Data items:
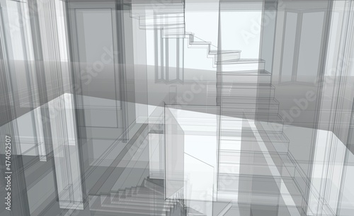 © Olha_And, Fototapeta premium 3d render of a building
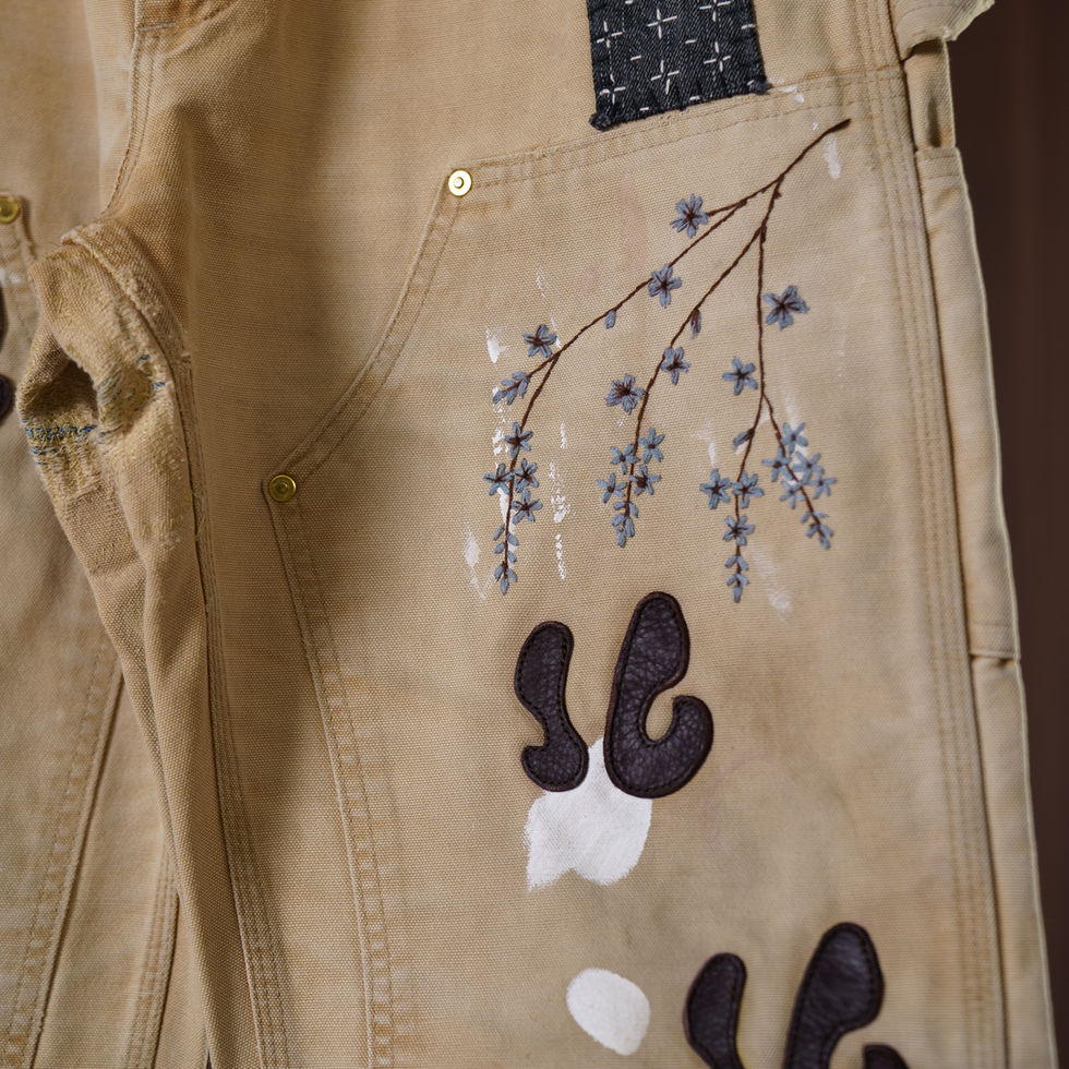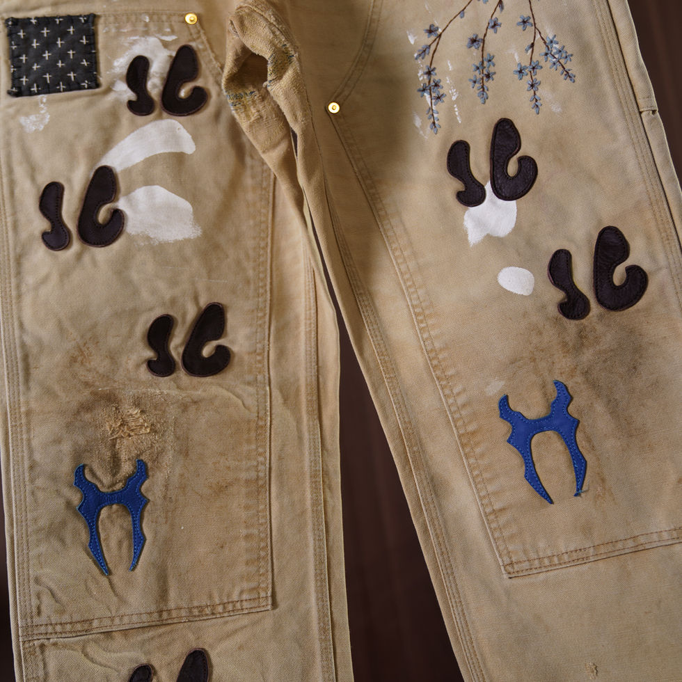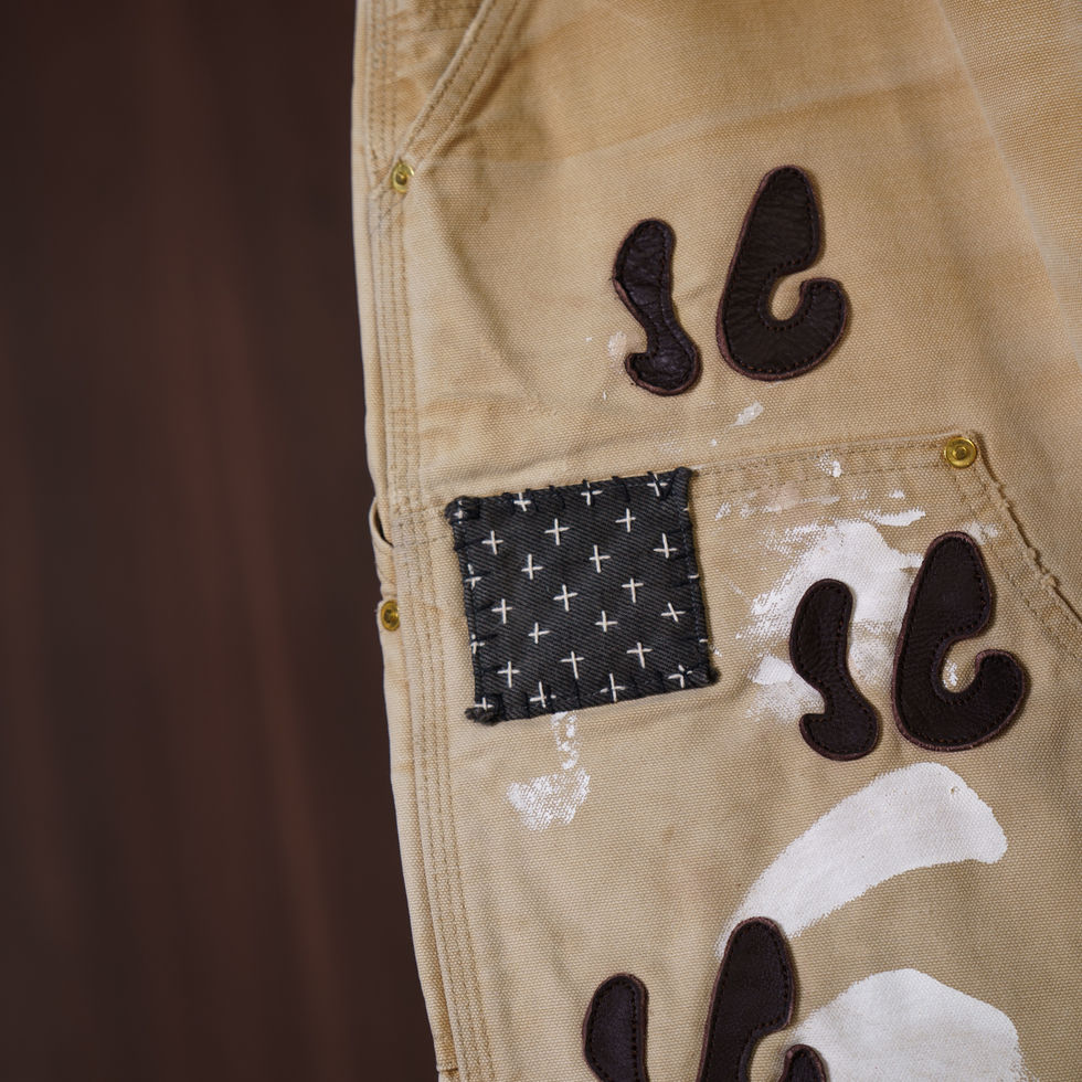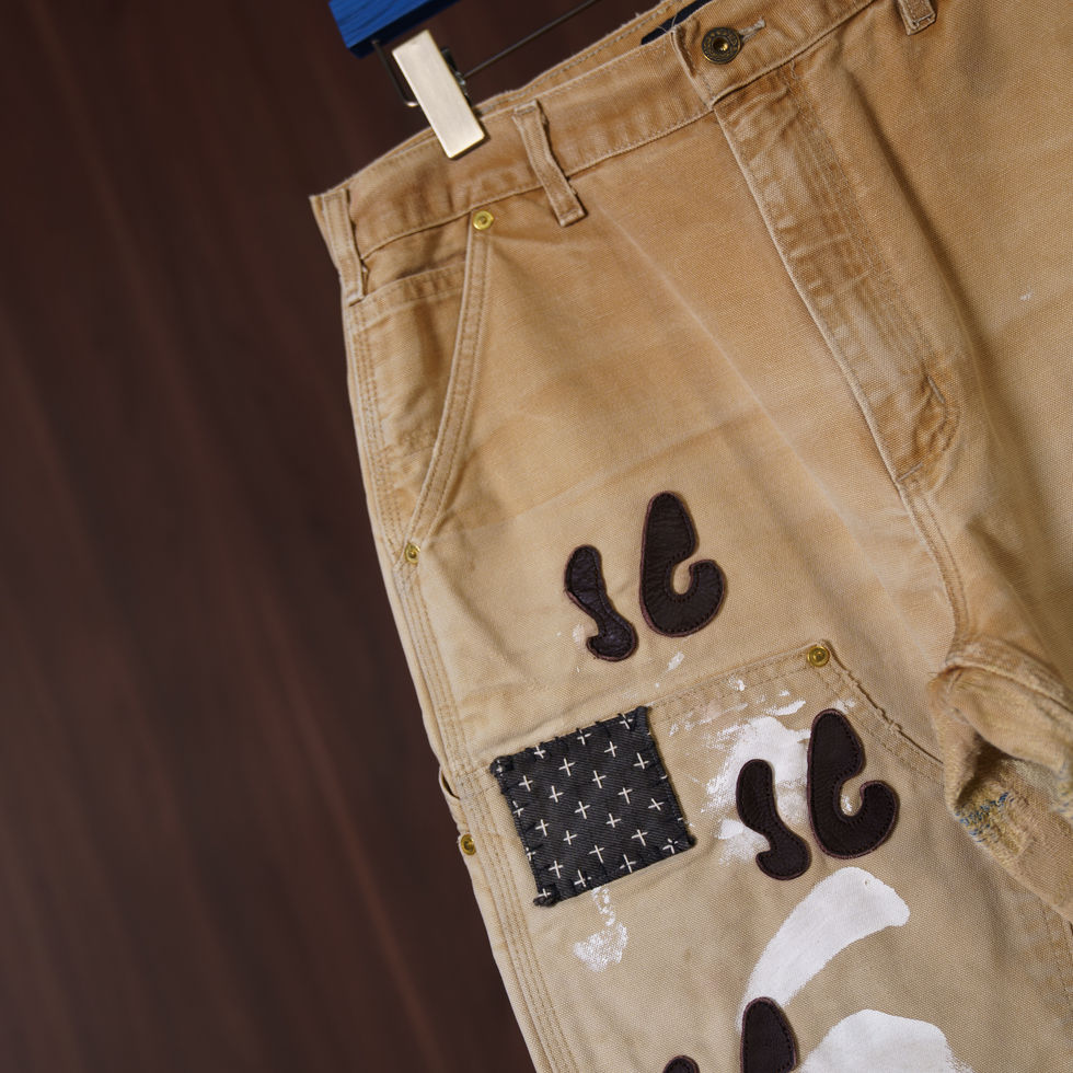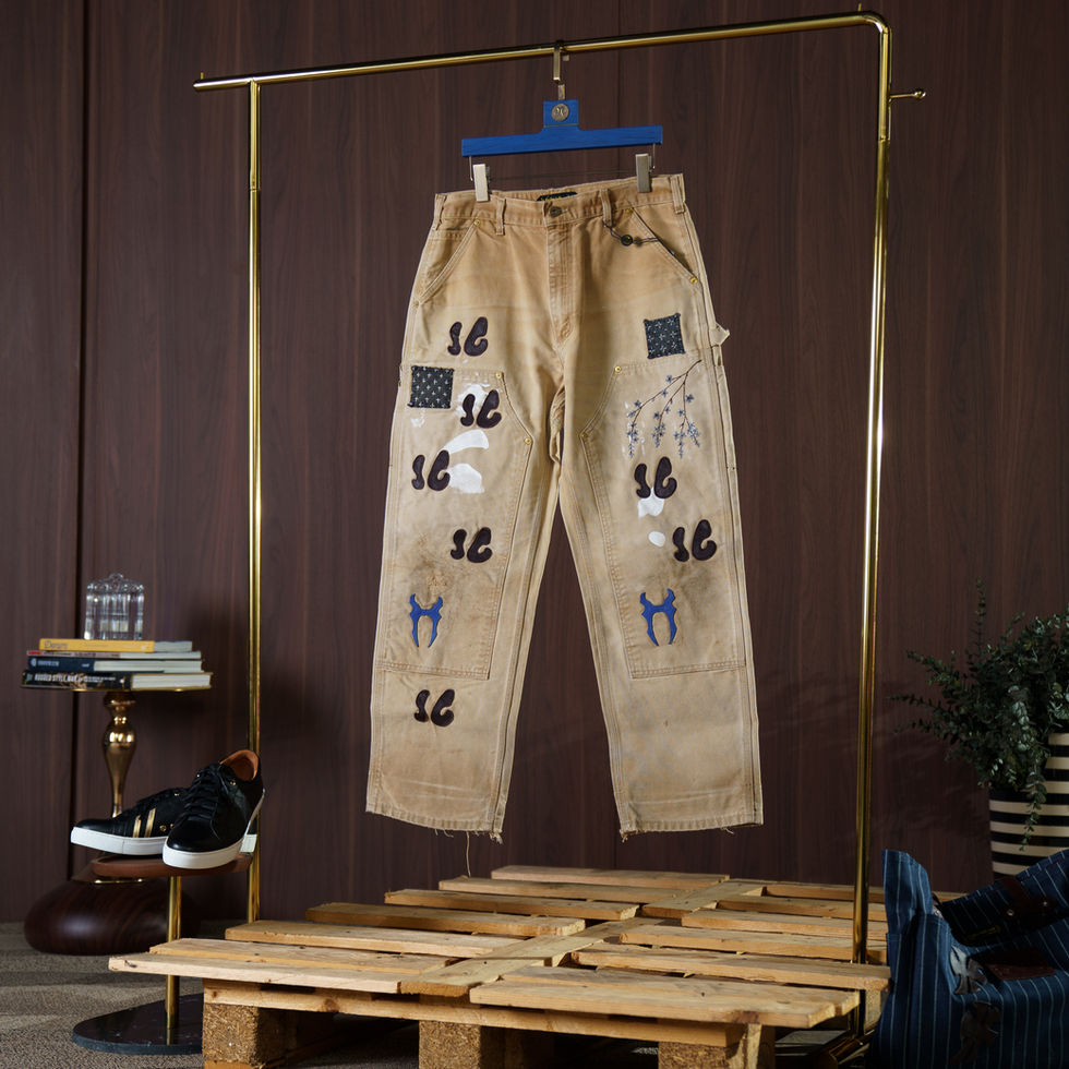 VTG 90s Double Knee Customized H Sashiko Pants ( Khaki No.3/32)
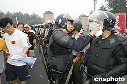 8月7日,在亚洲杯决赛中国队对日本队的比赛开赛之前,大批的防爆警察进驻北京工人体育场,确保赛场的安全。图为一名防爆警察为同伴擦汗。中新社记者:盛佳鹏
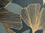 Černá vliesová tapeta s vinylovým povrchem, motivy zlatých a zelených/khaki listů Ginkga.
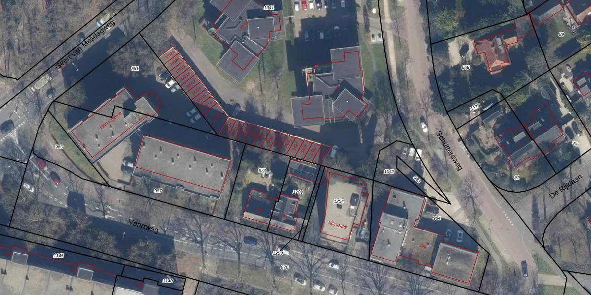 Het perceel waarop Schuttersweg 1-G4 staat heeft een oppervlakte van 6480 m². Dit is een zeer groot perceel. De perceeloppervlakte wordt geregistreerd door het Kadaster. Gedetailleerde informatie over de maten van dit perceel kunt u vinden in het rapport Kadastrale kaart met maatvoering van Schuttersweg 1-G4.
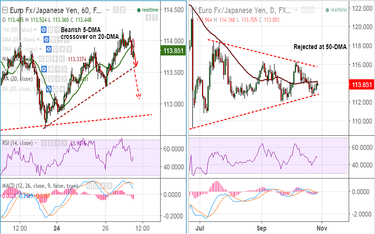 - Major support levels - 113.72 (1H 50-SMA), 113.55 (trendline), 113.26 (session low Oct 26)
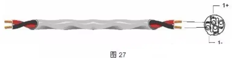 音箱线的另一端的剥线方法是一样的,不过线要刨得长一些然后分别将每芯拧扎结实。在剥线较短的一端安装“NEUTRIK”插头。安装点位参看图27。

ACTION ITEM: Repeat the records exactly, without the pictures.

WRITTEN RESPONSE:
 © Olha_And, Fototapeta premium 3d render of a building
 VTG 90s Double Knee Customized H Sashiko Pants ( Khaki No.3/32)
 8月7日,在亚洲杯决赛中国队对日本队的比赛开赛之前,大批的防爆警察进驻北京工人体育场,确保赛场的安全。图为一名防爆警察为同伴擦汗。中新社记者:盛佳鹏
 Černá vliesová tapeta s vinylovým povrchem, motivy zlatých a zelených/khaki listů Ginkga.
 Het perceel waarop Schuttersweg 1-G4 staat heeft een oppervlakte van 6480 m². Dit is een zeer groot perceel. De perceeloppervlakte wordt geregistreerd door het Kadaster. Gedetailleerde informatie over de maten van dit perceel kunt u vinden in het rapport Kadastrale kaart met maatvoering van Schuttersweg 1-G4.
 - Major support levels - 113.72 (1H 50-SMA), 113.55 (trendline), 113.26 (session low Oct 26)
 音箱线的另一端的剥线方法是一样的,不过线要刨得长一些然后分别将每芯拧扎结实。在剥线较短的一端安装“NEUTRIK”插头。安装点位参看图27。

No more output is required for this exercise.